| Requirement |
A full, exact copy of the listing is needed, with images omitted.

| Data section |
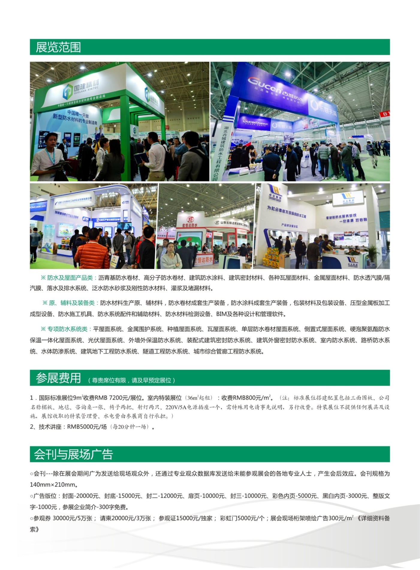 原、辅料及装备类:防水材料生产原、辅材料,防水卷材成套生产装备,防水涂料成套生产装备,包装材料及包装设备、压型金属板加工成型设备、防水施工机具、防水系统配件和辅助材料、防水材料检测设备、BIM及各种设计和管理软件。
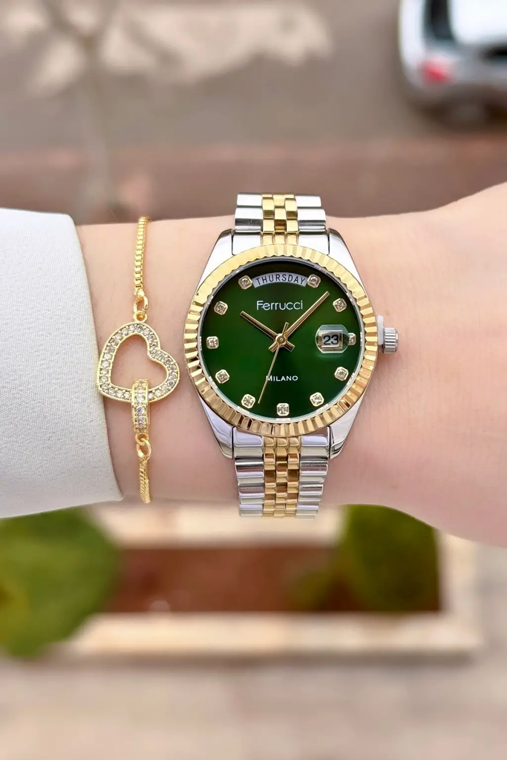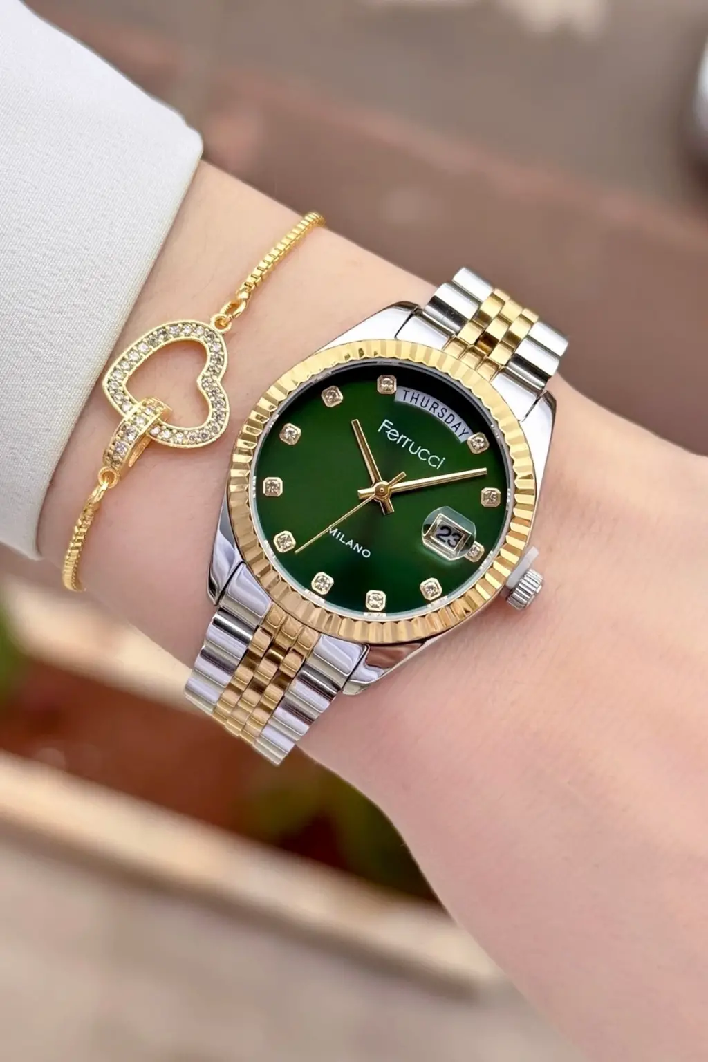 Kadranı Yeşil Kordonu Gold Gümüş Renk Takvimli Kadın Kol Saati ve Bileklik
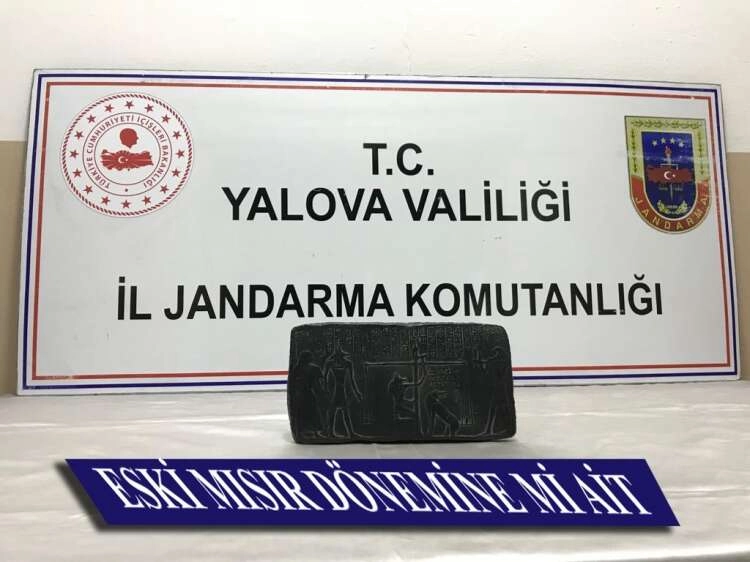 Eski Mısır dönemine ait bir tarihi eseri satmak için alıcı arayan şahsın olduğu bilgisine ulaşan Yalova Jandarması alıcı kılığında şahısla irtibata girdi. Şahısla bir süre pazarlık yapan ekipler ardından anlaşarak buluşma yeri ayarladılar. Yalova’nın Altınova ilçesine bağlı Tavşanlı beldesinde bulunan feribot iskelesinde S.U aflı şahısla buluşan ekipler şahsın eseri çıkartması sonrasında operasyon gerçekleştirdiler. Şahıs gözaltına alınırken konuyla ilgili tahkikat başlatıldı. Eserin eski Mısır dönemine ait olup olmadığı ise gerçekleştirilecek inceleme ile tespit edilecek.
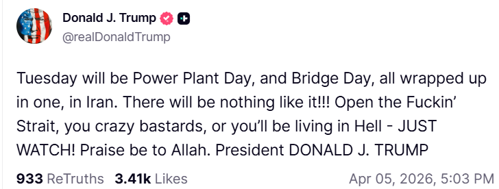 اپنے سوشل میڈیا پلیٹ فارم ٹروتھ سوشل پر ایک بیان میں انہوں نے کہاکہ منگل کو ایران میں بجلی گھروں اور پلوں پر حملوں کا دن ہوگا، ایران میں ایک ساتھ یہ کام مکمل کیا جائےگا۔

| Written solution |
 原、辅料及装备类:防水材料生产原、辅材料,防水卷材成套生产装备,防水涂料成套生产装备,包装材料及包装设备、压型金属板加工成型设备、防水施工机具、防水系统配件和辅助材料、防水材料检测设备、BIM及各种设计和管理软件。
 Kadranı Yeşil Kordonu Gold Gümüş Renk Takvimli Kadın Kol Saati ve Bileklik
 Eski Mısır dönemine ait bir tarihi eseri satmak için alıcı arayan şahsın olduğu bilgisine ulaşan Yalova Jandarması alıcı kılığında şahısla irtibata girdi. Şahısla bir süre pazarlık yapan ekipler ardından anlaşarak buluşma yeri ayarladılar. Yalova’nın Altınova ilçesine bağlı Tavşanlı beldesinde bulunan feribot iskelesinde S.U aflı şahısla buluşan ekipler şahsın eseri çıkartması sonrasında operasyon gerçekleştirdiler. Şahıs gözaltına alınırken konuyla ilgili tahkikat başlatıldı. Eserin eski Mısır dönemine ait olup olmadığı ise gerçekleştirilecek inceleme ile tespit edilecek.
 اپنے سوشل میڈیا پلیٹ فارم ٹروتھ سوشل پر ایک بیان میں انہوں نے کہاکہ منگل کو ایران میں بجلی گھروں اور پلوں پر حملوں کا دن ہوگا، ایران میں ایک ساتھ یہ کام مکمل کیا جائےگا۔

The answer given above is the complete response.